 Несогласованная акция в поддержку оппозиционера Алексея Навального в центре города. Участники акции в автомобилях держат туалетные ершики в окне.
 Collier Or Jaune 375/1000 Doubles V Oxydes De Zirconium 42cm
--
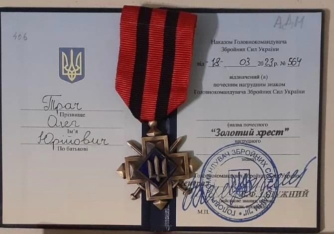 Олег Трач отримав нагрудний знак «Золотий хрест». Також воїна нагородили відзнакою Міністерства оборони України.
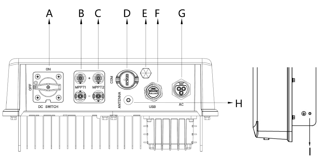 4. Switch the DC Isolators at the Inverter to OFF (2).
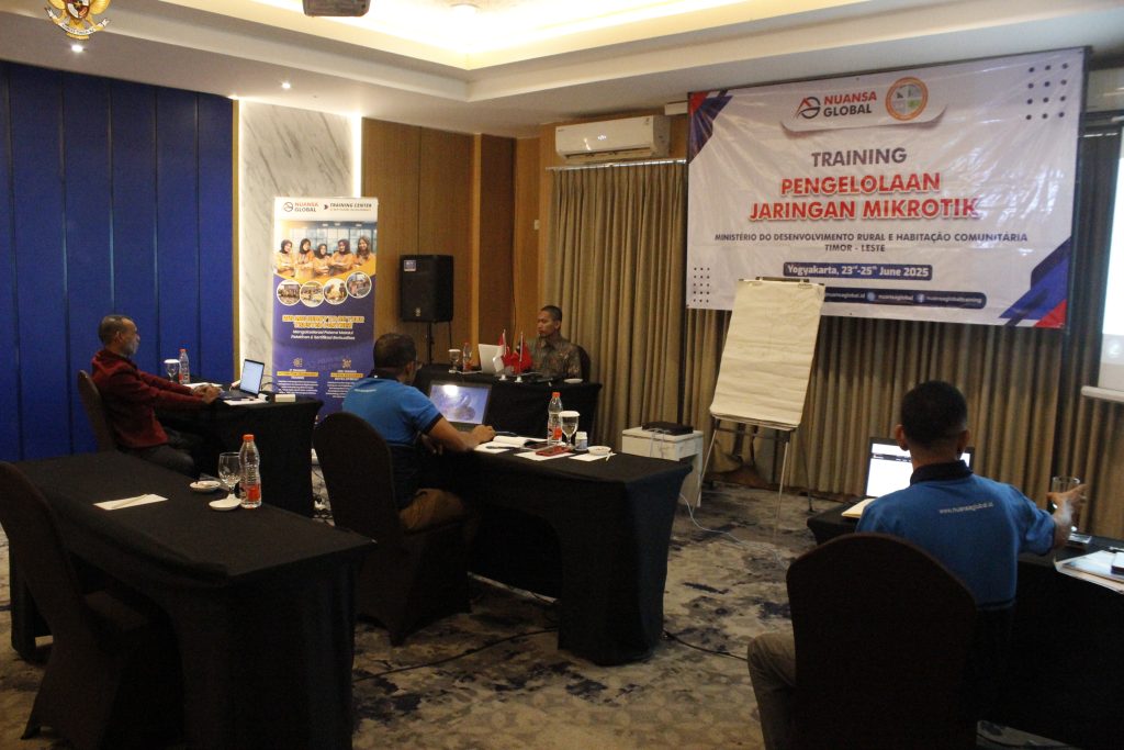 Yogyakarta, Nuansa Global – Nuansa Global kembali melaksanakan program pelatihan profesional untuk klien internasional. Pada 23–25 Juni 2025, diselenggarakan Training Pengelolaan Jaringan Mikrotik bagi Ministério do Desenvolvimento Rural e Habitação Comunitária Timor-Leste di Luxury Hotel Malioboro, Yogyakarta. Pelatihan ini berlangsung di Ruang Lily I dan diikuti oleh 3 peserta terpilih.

▶ **BRIEF**
Take the records above and return, word for word, only the lines that fall from the line with "Несогласованная акция в" to the line with "Collier Or Jaune", both of them included.

▶ **WRITTEN SOLUTION**
 Несогласованная акция в поддержку оппозиционера Алексея Навального в центре города. Участники акции в автомобилях держат туалетные ершики в окне.
 Collier Or Jaune 375/1000 Doubles V Oxydes De Zirconium 42cm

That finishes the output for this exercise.